Excluding images, repeat the data exactly as given.

Saved entries
»»

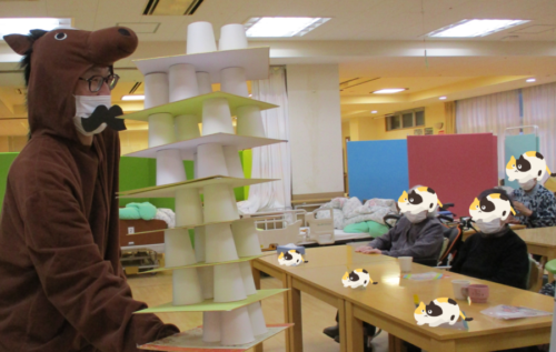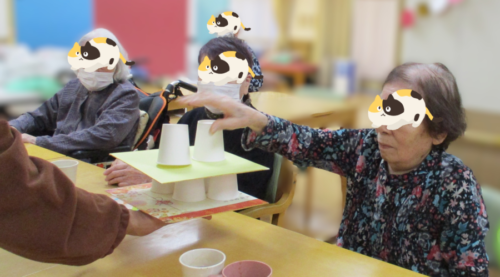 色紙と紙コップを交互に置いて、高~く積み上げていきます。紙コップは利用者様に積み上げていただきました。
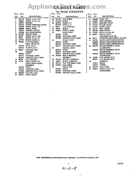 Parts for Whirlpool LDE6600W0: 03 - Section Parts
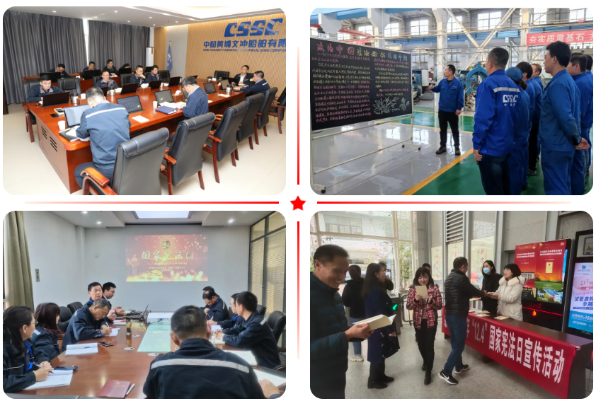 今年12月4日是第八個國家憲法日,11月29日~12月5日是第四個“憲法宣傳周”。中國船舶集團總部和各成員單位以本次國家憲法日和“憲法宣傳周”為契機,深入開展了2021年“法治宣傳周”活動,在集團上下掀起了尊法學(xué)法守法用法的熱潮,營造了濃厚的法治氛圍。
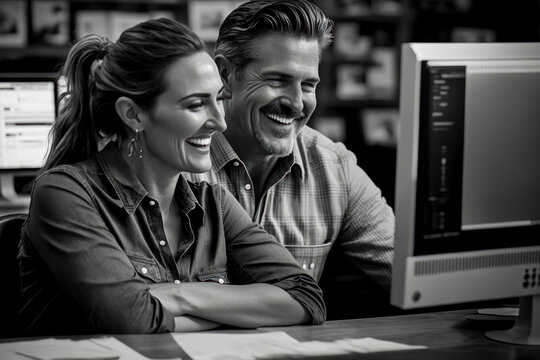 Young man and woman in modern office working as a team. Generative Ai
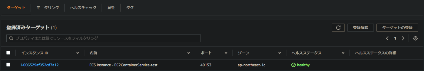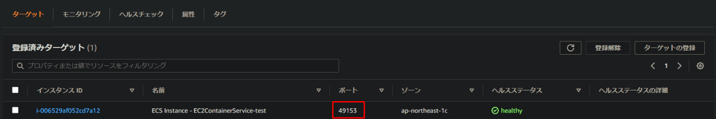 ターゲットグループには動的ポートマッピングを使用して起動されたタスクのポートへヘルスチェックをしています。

««

*WRITTEN RESPONSE:*
 色紙と紙コップを交互に置いて、高~く積み上げていきます。紙コップは利用者様に積み上げていただきました。
 Parts for Whirlpool LDE6600W0: 03 - Section Parts
 今年12月4日是第八個國家憲法日,11月29日~12月5日是第四個“憲法宣傳周”。中國船舶集團總部和各成員單位以本次國家憲法日和“憲法宣傳周”為契機,深入開展了2021年“法治宣傳周”活動,在集團上下掀起了尊法學(xué)法守法用法的熱潮,營造了濃厚的法治氛圍。
 Young man and woman in modern office working as a team. Generative Ai
 ターゲットグループには動的ポートマッピングを使用して起動されたタスクのポートへヘルスチェックをしています。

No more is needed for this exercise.